New York vacancy rates skyrocket

New York City retail rents have plummeted and ground floor lease availability hit record highs due to the coronavirus outbreak. FOX Business’ Lauren Simonetti with more.

A new report claims that New York City is facing record apartment vacancies, leading to lower rents across multiple boroughs after residents fled the city during the coronavirus pandemic.

In an effort to combat the spreading virus, New York City enacted a number of measures, most prominently the citywide lockdown and mandate that companies enact broad work-from-home policies. The shift in workplace environment forced many people to reassess their living situations, in many cases leaving the city entirely to return to family homes elsewhere in the country where the cost of living is lower.

The Hartford Courant reported that more than 16,000 New Yorkers switched their residence to Connecticut during the first three months of the pandemic, starting in March. Some movers reported residents swapping the Big Apple for California, Florida, Texas or even North Carolina.

That drastic shift has resulted in a record 13,117 vacant apartments across Manhattan in July, according to a report by Douglas Elliman and Miller Samuel Real Estate Appraisers & Consultants. The number is a 122% increase over the previous year, which listed 5,912 apartments in July 2019.
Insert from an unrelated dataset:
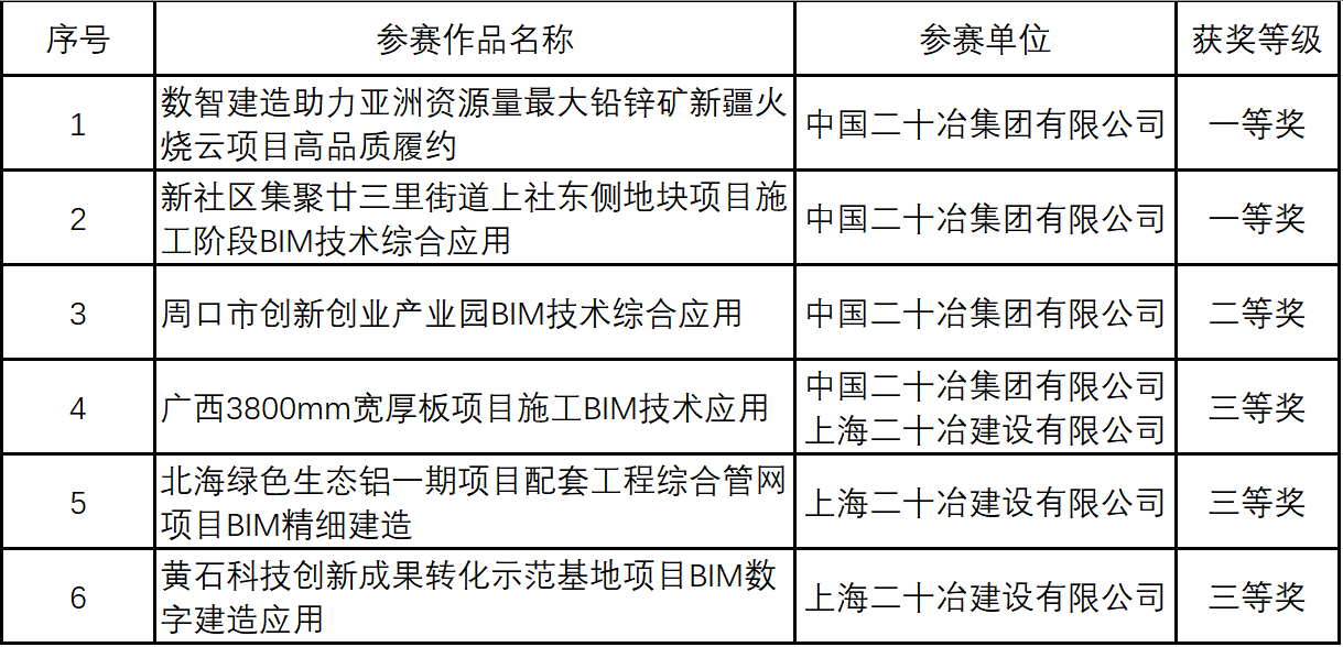 9月19日,由中國冶金建設協會主辦的第七屆冶金建設行業BIM大賽結果揭曉,中國二十冶共獲獎6項,其中一等獎2項、二等獎1項、三等獎3項。“數智建造助力亞洲資源量最大鉛鋅礦新疆火燒云項目高品質履約”和“新社區集聚廿三里街道上社東側地塊項目施工階段BIM技術綜合應用”兩項成果獲評一等獎。
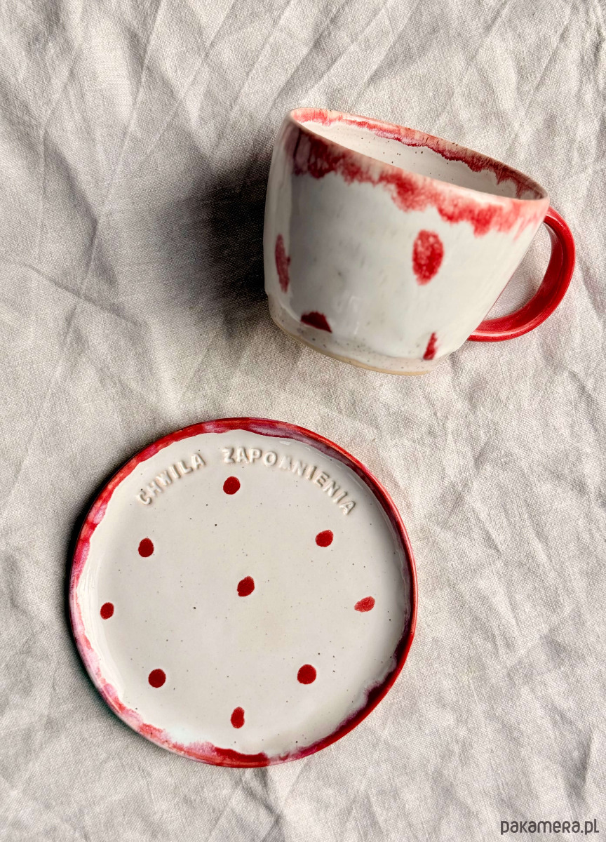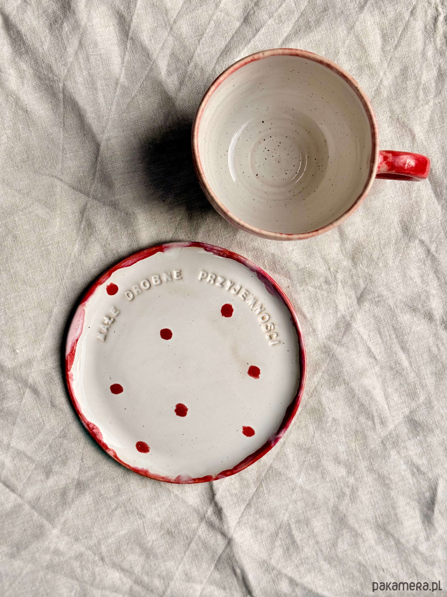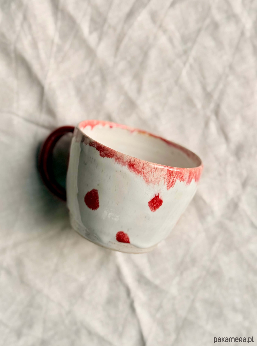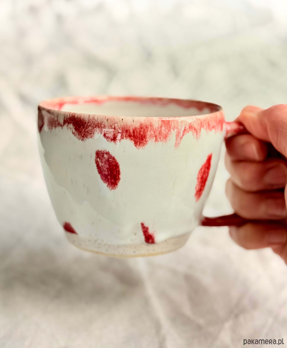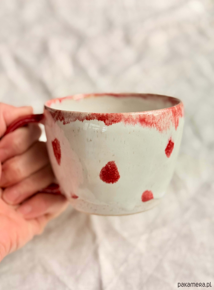 Każda sztuka jest unikatowa, ma niepowtarzalne zdobienie. Efekt rozmytych serduszek ma fajny urok i dodaje naczyniu niepowtarzalnego charakteru. Polecam dokupić talerz do kompletu. Talerz dostępny jest w oddzielnej ofercie.

New lease signings fell by about 23%, resulting in a drop in median rental prices, from $3,521 in July 2019 to $3,167 last month.

The number of vacancies is the highest in the 14 years the companies have put out the report.

In Brooklyn and Queens, the numbers are high, though not nearly as staggering: Brooklyn has 3,639 vacancies while Northwest Queens has 648 – the latter representing a 69.2% increase from July 2019 and a 7.5% increase from June to July in 2020.

One tactic that landlords have taken to incentivize new tenants is to offer free months on a lease, usually at the end of a full 12 months, which leads to a reduced net rent. On average, landlords have offered 1.7 months free, the New York Post reported.